Finance minister Arun Jaitley introduced the much-awaited Insolvency and Bankruptcy Code in Lok Sabha that will speed up liquidation of ailing firms and improve the ease of doing business in the country, thereby facilitating greater investment.

The Insolvency and Bankruptcy Code, introduced as a money bill in the Lok Sabha, seeks to consolidate and amend all laws related to insolvency resolution so as to streamline and end the menace of undue delays in the exit of ailing businesses.

The bill seeks to amend as many as 12 existing laws, including the Companies Act 2013, the Income-Tax Act, and the Payment and Settlement Systems Act 2007.

Since the legislation has been introduced as a money bill, the Rajya Sabha will not be able to reject or amend it once it is passed by the Lower House.

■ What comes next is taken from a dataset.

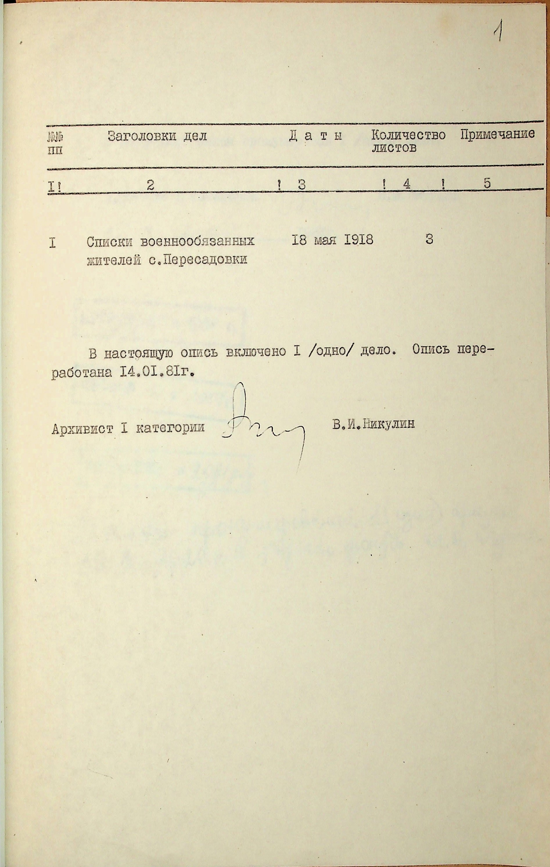◦ ◦ ◦ Опис № 1 справ постійного зберігання за 1918 рік

The proposed revamp of the insolvency system is expected to encourage entrepreneurship, improve ease of doing business, and facilitate more investments.

The code allows the corporate debtor itself to initiate the insolvency-resolution process once it has defaulted on a debt.

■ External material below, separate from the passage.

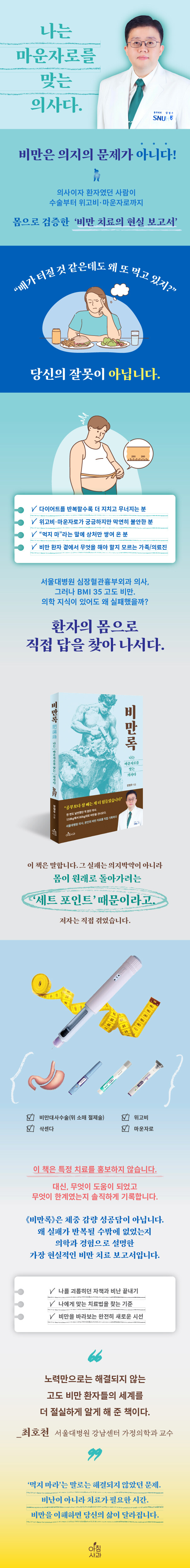 ¿Ü°ú ÀÇ»çÀÌÀÚ °íµµ ºñ¸¸ ȯÀÚ¿´´ø ÀúÀÚ°¡ ÀÚ½ÅÀÇ ¸öÀ¸·Î Åë°úÇÑ »ýÁ¸°ú ȸº¹ÀÇ ±â·ÏÀ» ÀüÇÑ´Ù. ¼ö¸¹Àº ´ÙÀÌ¾îÆ® ½ÇÆÐ¿Í Æø½Ä, ÀÚ±«°¨À» °ÞÀº ³¡¿¡ ºñ¸¸ ´ë»ç ¼ö¼ú°ú GLP-1 À¯»çü Ä¡·á¸¦ °ÅÃÄ ¼ºÀÎ ÀÌÈÄ ÃÖÀú üÁß¿¡ µµ´ÞÇϱâ±îÁöÀÇ °úÁ¤À» ÀÇ»çÀÇ ½Ã¼±À¸·Î ´ã¾Æ³Â´Ù. ÀÌ ±â·ÏÀº üÁß °¨·®±â¸¦ ³Ñ¾î ºñ¸¸ÀÌ ½Åü¿Í Á¤½ÅÀ» ¾î¶»°Ô Áö¹èÇÏ´Â Áúº´ÀÎÁö¸¦ ³ÃÁ¤ÇÏ°Ô Â¤´Â´Ù.

Also, operational creditors (including the central and state governments and local authorities) are permitted to initiate the resolution process.

This will bring the law in line with international practices, which permit unsecured creditors to file for the initiation of insolvency-resolution proceedings.

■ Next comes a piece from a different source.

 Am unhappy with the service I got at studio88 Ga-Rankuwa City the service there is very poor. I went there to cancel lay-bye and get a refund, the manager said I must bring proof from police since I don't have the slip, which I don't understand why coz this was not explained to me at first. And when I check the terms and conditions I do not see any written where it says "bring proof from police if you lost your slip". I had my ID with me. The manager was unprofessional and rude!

The bill also provides for insolvency professionals who will assist in the resolution, liquidation and bankruptcy proceedings envisaged in the code. In fact, the Insolvency and Bankruptcy Code 2015 provides for the setting up of 'Insolvency and Bankruptcy Board of India' (IBBI) to regulate professionals / agencies dealing with insolvency and informational utilities.

The legislation - the Insolvency and Bankruptcy Code 2015 - once passed, will help both businesses and creditor banks as they can recover their dues within a stipulated time.

The Bankruptcy Code fixes a time limit of 180 days, extendable by a further 90 days, for completion of the corporate insolvency-resolution process.

Against this, bankruptcy process under the current system takes anywhere between five and 15 years for lenders to recover money in the event of corporate default.

Member of Parliament NK Premachandran (Revolutionary Socialist Party) raised objections to the introduction of the Bill, claiming it as ''incomplete, inadequate and defective''. He also maintained that sufficient time was not given to members to go through the bill.

Lok Sabha Speaker Sumitra Mahajan, however, rejected his objection and did not entertain Premachandran's request to put off the introduction of the Bill to some other date.